Pages of my 1945 Diary
of my incarceration into a German Prison Camp
during WW2 1944-45.


It is now 28956 days ago that I started writing in this little old diary of mine.
Yes, that is now 79 years and 3 months and 11 days ago.





JANUARY 1945: 14 Sunday. We also have to work on Sundays.




14 Sunday. We also have to work on Sundays. At lunch time and at night we received some soup.

There also Italians and Russians in the lager.

15 Monday. After 1 hour at work I reported myself sick. Received bread and soup.

I reported myself sick, however I am not really sick.

16 Tuesday. Still reported as being sick. Bread and soup.

17 Wednesday. Back to work. Bread soup and some sausage.

Approx. 40 men escaped from this lager.

18 Thursday. Willem (someone in the same room with me in this lager) talked about trying to escape from this lager. Reported sick for the afternoon and completed our planning for the escape. At night Willem, myself and another person (can't remember who) crawl through a small hole in the barbed wire perimeter and later during the night we took a tram to (what we thought a place on the Dutch border) Bochum.

NB. We might have had a mix-up here, there were other placed with a name starting with Boch... .

19 Friday. Walking in deep snow and rubble from the bombardments through a town and we decided that because of it getting very dark to sleep in an underground air-raid shelter until 8am the following morning.

We arrange somehow to get some bread and coffee.

NB. Amazingly, during this time we were not confronted with any problems!

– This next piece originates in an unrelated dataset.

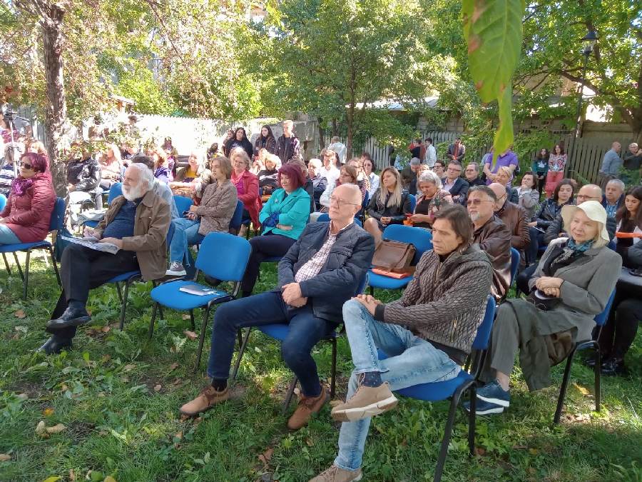 Zeci de băcăuani au asaltat pur şi simplu grădina casei. Glumind, criticul Adrian Jicu, directorul Festivalului, spunea că nici la nunta lui nu au fost atâţia oameni! Două premiere cel puţin: profesorul, scriitorul, cercetătorul şi criticul Constantin Călin a acceptat să-şi lanseze public recentul volum „Iarăşi Bacovia!…” (Ed. BABEL, Bacău), după formidabilul „Dosar Bacovia” (I,II,III), fiind al cincilea volum dedicat vieţii şi operei poetului George Bacovia, la care se adaugă alte referinţe din alte volume, după cum a mărturisit, la lansare profesorul Călin.
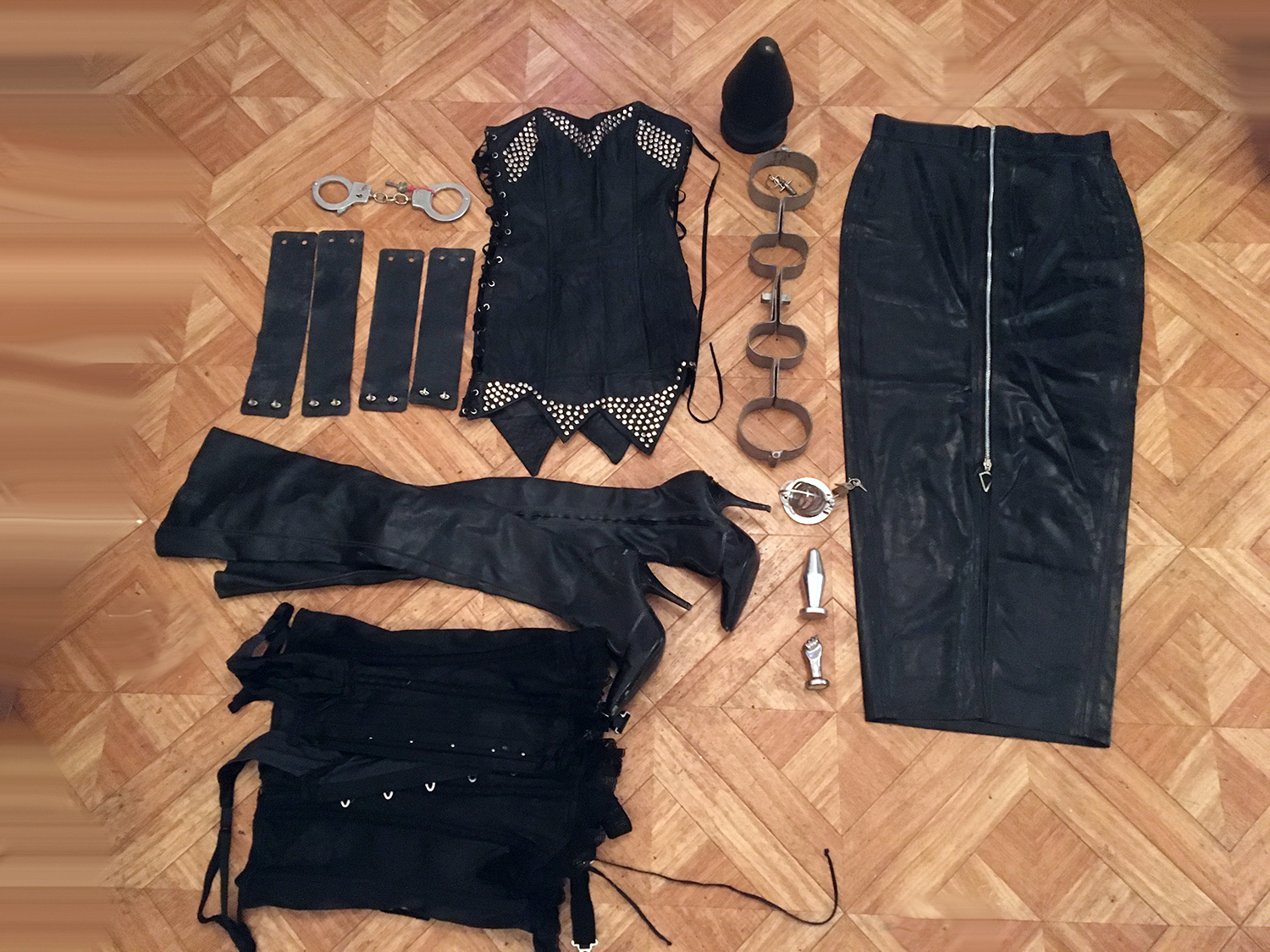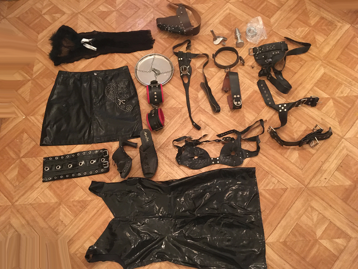 Lot 20: 1 ensemble contrainte cheville poignet en latex noir, 1 paire de menotte metal, 1 robe en cuir et clous noir a moi taille 38, 1 paire de cuissarde en latex noir taille 37, 1 haut corset noir en satin taille 44, 1 jupe latex noir fermeture eclair taille 38 a moi, 2 plug metal crome, 1 cage de chasteter petite taille en crome, 1 plug latex grande taille, 1 contrainte cheville poignet tres ancien (collector) en fer.

20 Saturday. We brazenly buy tickets and take a train that will take us to Bocholt (the correct Boch...!!) on the Dutch border. We arrived there at 7:30pm (the journey took much longer than we had planned because of the chaos caused by bombing of the railway) in the dark. A lady from the station inquired what we were doing there gave us some coffee. We told here a story about getting separated from our guards because of the confusion during the bombings but that we were waiting to be escorted back to the Netherlands. She told us that she would arrange for us to sleep somewhere.

Memo.

She came back with some men in uniform and with shields on their chests (NVS???) and they took us to some sort of a camp where we got some food and beds to sleep in. However, in the morning we were thrown in the back of a lorry and taken to a heavy guarded camp with about 100 inmates.